Most mornings, Charlie slept until noon, then got up and had breakfast at one of the dairy restaurants left over from the old immigrant-neighborhood days. But two mornings a week he dragged himself out of bed at nine and took the subway uptown to a music school where he taught piano and conducted a choral group. The money he earned from this work was negligible, but he lived mainly on the income from a trust fund his father had set up for him. He was terribly furtive about the amount of his income, as if it were a dirty secret. Still, I always assumed that if it hadn’t gone against the grain of his stinginess, he could have lived somewhat less grubbily than he did.
There was, however, a dirty family secret and maybe that was what made the money so embarrassing. Charlie’s family had met with money by way of Charlie’s Uncle Mel-the famous pseudo-WASP ballroom dancer who glided through the 1930s with patent-leather hair and a fixed nose and a dancing shikse wife. Mel Fielding had made a life-long career of keeping his Jewishness secret, and he agreed to share his wealth with the family only on the condition that they fix all their noses too and change their names from Feldstein to Fielding. Charlie refused to comply with the nose, but took the name. Charlie’s father, however, did amputate half his nose (with the result that he wound up looking like a Jew with an absurdly small nose). But the main thing was that the Feldsteins left Brooklyn and turned up in the Beresford (that gilded ghetto, that pseudocastle) on Central Park West.

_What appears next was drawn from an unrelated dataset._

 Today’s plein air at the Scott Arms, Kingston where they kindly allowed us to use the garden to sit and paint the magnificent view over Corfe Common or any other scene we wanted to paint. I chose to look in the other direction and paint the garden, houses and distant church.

The family business was a worldwide chain of dancing schools which sold life memberships to lonely old people. It wasn’t exactly a racket any more than psychoanalysis or religion or encounter groups or Rosicrucianism can be said to be rackets, but, like them, it also promised an end to loneliness, powerlessness, and pain, and of course it disappointed many people. Charlie had worked in the dance-studio business for a few summers during college, but this was only a token gesture. He hated any kind of everyday job-even if it consisted of gliding across the dance floor with an eighty-year-old lady who had just become a life member to the tune of several thousand dollars. When I knew him, Charlie was very sensitive on the subject of ballroom dancing. He did not want it generally known that this was what his father did for a living. Nevertheless, he dropped his famous uncle’s name frequently among his friends and mine. Ambivalence is a wonderful tune to dance to. It has a rhythm all its own.

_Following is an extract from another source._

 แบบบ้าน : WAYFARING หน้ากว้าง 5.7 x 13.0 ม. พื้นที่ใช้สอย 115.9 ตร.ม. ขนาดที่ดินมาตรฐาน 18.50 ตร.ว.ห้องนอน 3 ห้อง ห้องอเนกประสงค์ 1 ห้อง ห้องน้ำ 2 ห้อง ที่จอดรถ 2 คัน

But what did Charlie do? He prepared himself for greatness. He daydreamed about his conducting debut-which otherwise he did nothing much to hasten-and he began symphonies. They were-every one of them-unfinished symphonies. He also began sonatas and operas (based on works by Kafka or Beckett). These were unfinished bars (but which he always promised to dedicate to me). Perhaps to others he was a failure, but to himself he was a romantic figure. He spoke of “silence, exile, and cunning.” (Silence: the unfinished symphonies. Exile: he had left the Beresford for the East Village. Cunning: his affair with me.) He was going through the initial trials of all great artists. As a conductor, he had not yet had his break and was further handicapped, he thought, by the fact of not being a homosexual. As a composer, it was a question of learning to cope with the crisis of style which bedeviled the age. That too would come in time. One had to think in decades, not years.